DEONILSON ROLDO, diretor da Agência de Comunicação Social do Governo do Estado
Aposentadoria
Nós, aposentados, estamos verdadeiramente à margem de qualquer interesse do governo. Após termos nos dedicado durante mais de meia vida ao Estado, nos vemos mais uma vez desprezados e marginalizados pelos governantes. Infelizmente governantes que nós mesmos colocamos lá. Mas, nós e nossos familiares, saberemos dar a resposta nas urnas, as eleições vem aí e certamente nosso voto terá valor.

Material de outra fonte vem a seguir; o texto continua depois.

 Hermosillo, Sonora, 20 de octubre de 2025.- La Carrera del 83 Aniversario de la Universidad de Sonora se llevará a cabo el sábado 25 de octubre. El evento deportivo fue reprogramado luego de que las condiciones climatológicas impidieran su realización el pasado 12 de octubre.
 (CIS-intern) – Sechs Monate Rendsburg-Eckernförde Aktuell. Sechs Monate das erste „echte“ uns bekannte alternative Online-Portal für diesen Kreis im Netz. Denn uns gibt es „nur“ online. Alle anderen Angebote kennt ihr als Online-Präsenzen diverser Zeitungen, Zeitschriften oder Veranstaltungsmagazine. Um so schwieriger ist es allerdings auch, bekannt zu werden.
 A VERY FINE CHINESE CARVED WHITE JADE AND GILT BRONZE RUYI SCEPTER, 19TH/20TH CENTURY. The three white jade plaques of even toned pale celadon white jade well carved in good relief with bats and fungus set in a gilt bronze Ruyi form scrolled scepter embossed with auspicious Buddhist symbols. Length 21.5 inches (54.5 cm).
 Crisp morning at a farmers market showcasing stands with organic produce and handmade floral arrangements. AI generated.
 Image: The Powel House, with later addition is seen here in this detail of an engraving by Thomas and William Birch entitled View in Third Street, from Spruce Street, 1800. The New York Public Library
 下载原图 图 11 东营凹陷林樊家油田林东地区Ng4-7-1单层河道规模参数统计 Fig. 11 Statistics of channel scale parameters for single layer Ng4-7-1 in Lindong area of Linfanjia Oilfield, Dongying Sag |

Nós aposentados necessitamos da mesma forma que todo ser humano de nos alimentarmos, nos vestirmos, comprarmos medicamentos, ou será que o Exmo.Sr. governador não sabe disso? Há mais de 6 anos estamos com o mesmo mísero salário.

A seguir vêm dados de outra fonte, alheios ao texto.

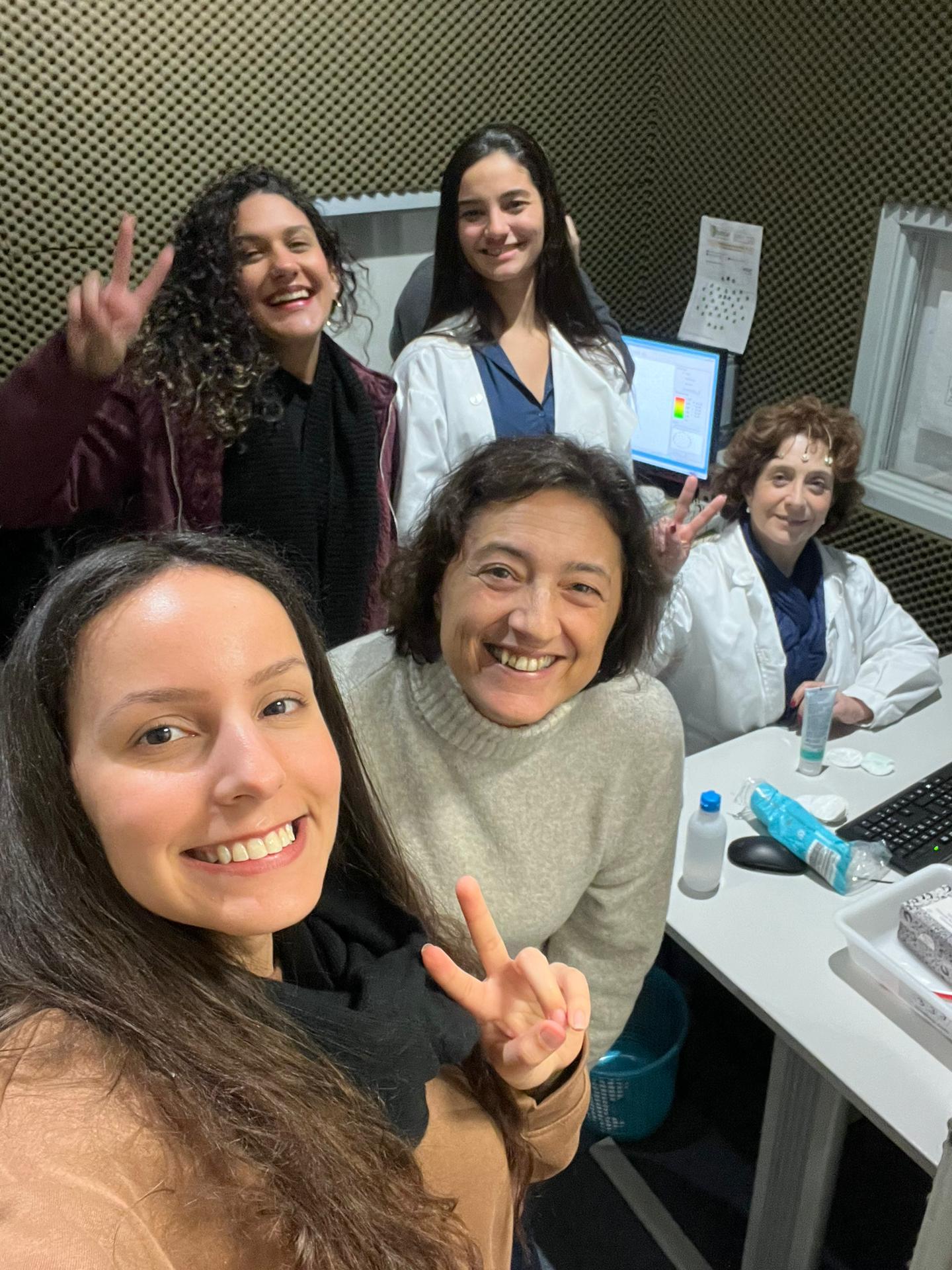The purpose of the visit to the laboratory was to learn about and participate in an experimental task using electroencephalography (EEG) on the impact of verbal and non-verbal language on interpretation brain activity. In the occasion, the students received information about the technique used and actively participated in the task, in order to initiate themselves in the practices of interdisciplinary research between Education and Neuroscience that is practiced and expected from the students of this course.
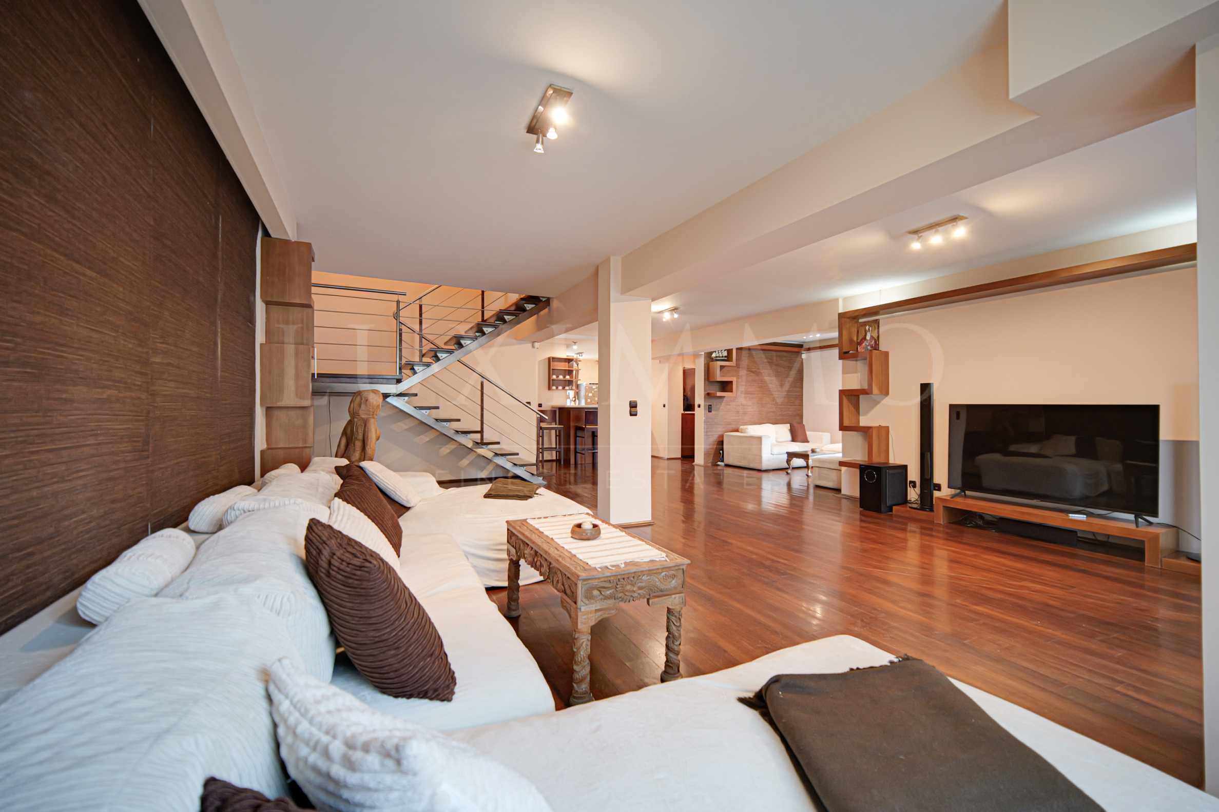 Първо ниво: Изключително просторна дневна, напълно обзаведен кухненски бокс, отделена трапезария, тераса и самостоятелна тоалетна. Настилката е от тиково дърво, а присъствието на произведения на изкуството придава на апартамента индивидуалност и изисканост. Тук семейството и гостите могат да се насладят на пространството ,което е идеално място за организиране на различни събития и семейни вечери.
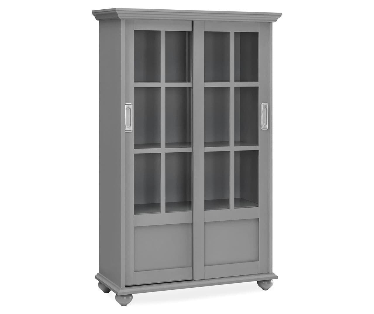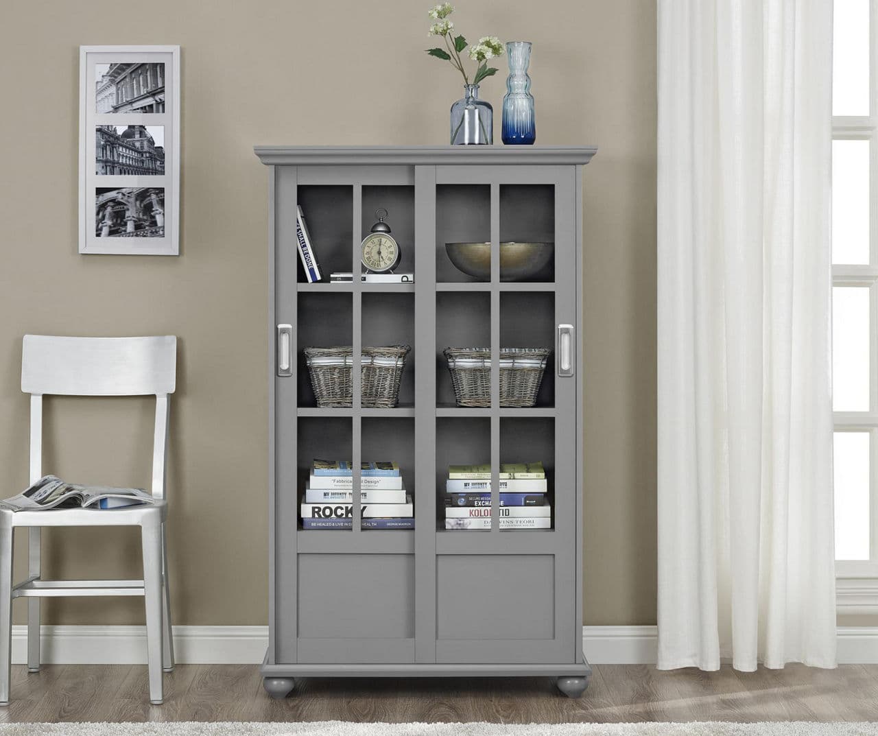 Storage made beautiful. This charming bookcase from Ameriwood in a neutral gray finish pairs perfectly with endless styles and décors. Constructed with four shelves behind two sliding glass doors, delivering convenient storage to any space. Ideal for books, decorations, china and more, this charming bookcase adds an elegant display to your study, dining room or living area.

PAULO RAIMUNDO TEIXEIRA, de Londrina
IPTU
Como são simplórias as explicações dos responsáveis pelo aumento do IPTU em Londrina. Eles afirmam que 67% da residências de Londrina tiveram redução no imposto, mas nem um deles disse até agora qual o tamanho dessa redução, quanto por cento diminuiu, ao passo que os que tiveram aumento com certeza foi superior e muito do que a redução prometida. Também falam da atualização da planta que não era realizada desde 1990. Talvez a atualização não tenha sido feita, mas eles se esquecem dos planos econômicos (Collor 1, Collor 2, Plano Verão, URV). Em todos eles houve uma supervalorização da moeda o que não justifica a atualização da planta e, o principal, houve uma desvalorização brutal no valor dos imóveis neste período, basta perguntar a qualquer um que é do ramo. Esses meninos doces e ingênuos responsáveis pelos aumentos de impostos esqueceram a sua doçura no palanque, lugar de promessas vazias.